What You Missed Amid the Volcker Rule's Finalization
Last week, as all eyes were fixed on the finalization of the Volcker Rule, another long-awaited Dodd-Frank document was released. The Federal Insurance Office (FIO), a Dodd-Frank-established bureaucracy within the Department of Treasury, published an insurance regulation modernization report that was due in January 2012. With the FIO eyeing greater federal oversight for insurance regulation, it looks as if the major changes in the insurance industry will not be limited to the medical insurance remodeling under the Affordable Care Act.
The FIO's mandate (which does not extend to medical insurance) was to report on, and provide recommendations with respect to, "how to modernize and improve the system of insurance regulation in the United States." Dodd-Frank elaborated on this mandate by setting forth six "considerations," including systemic risk, consumer protection, and international coordination. The statute also set forth seven "additional factors," including the costs and benefits of federal regulation and the effect of international regulatory developments. Reflective of this broad mandate, the report touches on many issues and makes numerous recommendations. These recommendations range from questioning whether insurance companies ought to consider marital status in their underwriting decisions, to directing states to establish character and fitness requirements for insurance company directors and officers, to recommending uniform approaches to solvency oversight and capital adequacy.

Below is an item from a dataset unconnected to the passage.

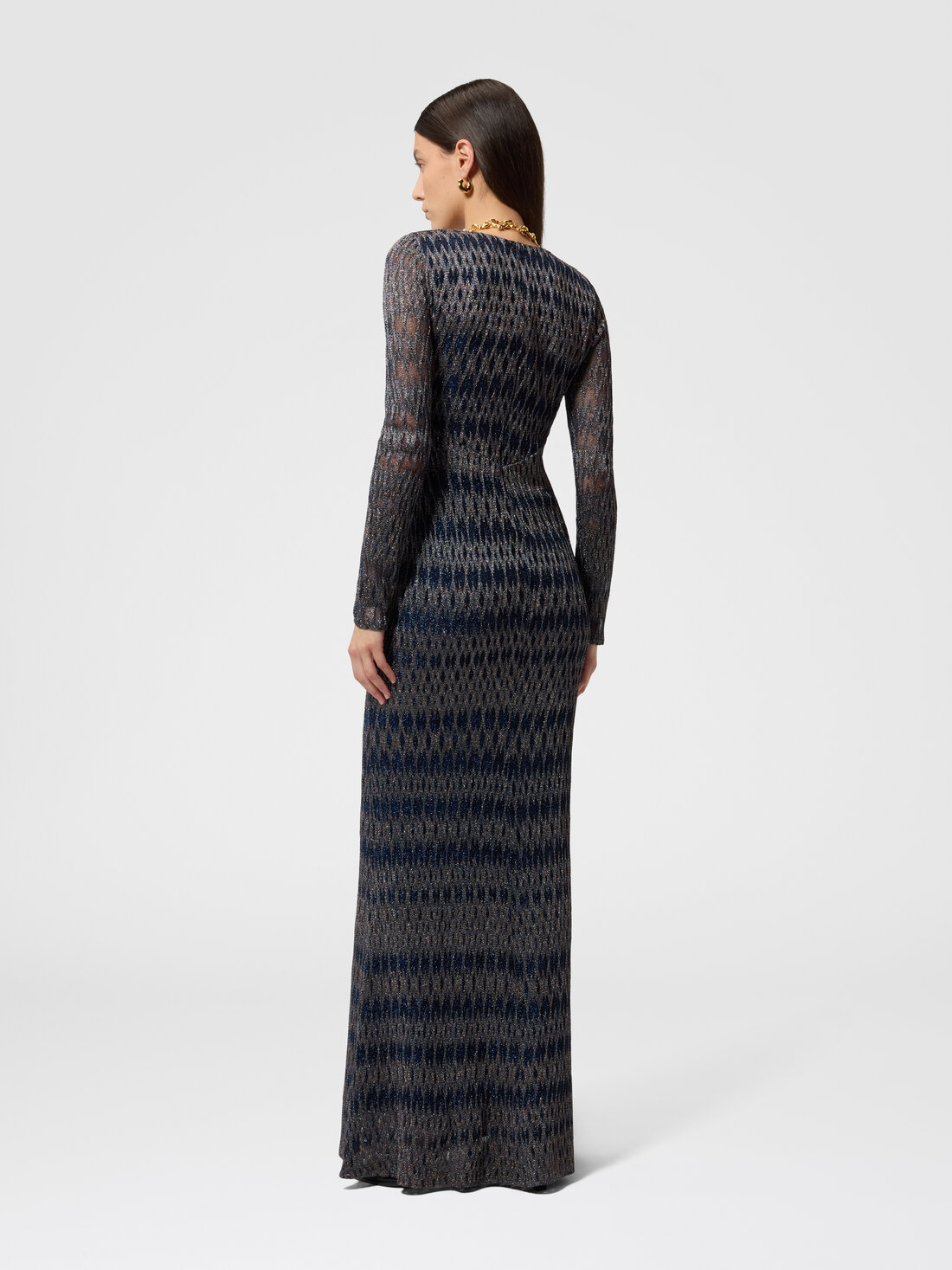 Une robe longue pour femme en mélange de viscose et de lamé, à manches longues et profond décolleté en V, qui célèbre la lumière et le mouvement. Le travail en maille raschel à motif losange tridimensionnel enrichit la texture, transformant la silhouette en un jeu raffiné de lignes et de volumes.

The report's underlying theme, however, is that state regulation is not working well and, if state insurance regulators do not act quickly, the federal government will have to step in. There are relatively few areas in which the report calls for immediate federalization. Regulation of mortgage insurers, the fortunes of which are intertwined with the future of Fannie Mae and Freddie Mac, is an area in which the FIO believes federal standards are needed. The FIO also wants to be involved in supervisory colleges, which bring together all of a complex insurance company's regulators to discuss the company's health and to share information. In making this recommendation, the FIO is emphasizing its systemic risk responsibilities. But as spelled out in Dodd-Frank, those responsibilities extend only to monitoring systemic risk related to gaps in insurance regulation, and do not include a regulatory role for the FIO.
The limited number of direct recommendations for immediate federal regulation must be viewed in context. The report implies that further calls for federal action may be coming soon in numerous areas. The report opens with a warning: "should the states fail to accomplish necessary modernization reforms in the near term, Congress should strongly consider direct federal involvement." Many of the report's sections conclude with a similar warning. For example, the report calls for "federal involvement . . . to ensure fair treatment of all policyholders," if the states do not adopt uniform policyholder recovery rules. The report also notes with respect to product approval that "[f]ederal action may become necessary if the current, and long-standing shortcomings are not improved in the near term." The FIO also believes that "federal action may be necessary" soon to ensure that retirees face uniform annuity rules.
The type of federal involvement the FIO seems to favor is federal (and, in some cases, international) standards enforced uniformly by the states. For example, the report contemplates "binding, uniform federal standards" for insurance scoring and recommends uniform producer licensing standards. If states do not have discretion about either the standards they are imposing or the manner in which they impose them, the involvement of the states in insurance regulation seems superfluous. After all, the principal advantage of a state-based insurance regulatory system is its ability to accommodate local peculiarities and to test regulatory and commercial innovations on a small scale before going national.
The question of whether the insurance industry should be regulated at the state or federal level has been a discussion topic for over a century. There are legitimate concerns about the efficiency and efficacy of the existing state-based system, which lacks uniformity and creates duplicative work and added costs for insurers, regulators, and consumers. Last week's report does a service in setting those issues out for consideration, but the implicit solution-state regulation guided by the FIO's heavy hand-may be inferior to more direct federalization of insurance regulation with attendant transparency, balanced governance, and accountability for the federal insurance regulator.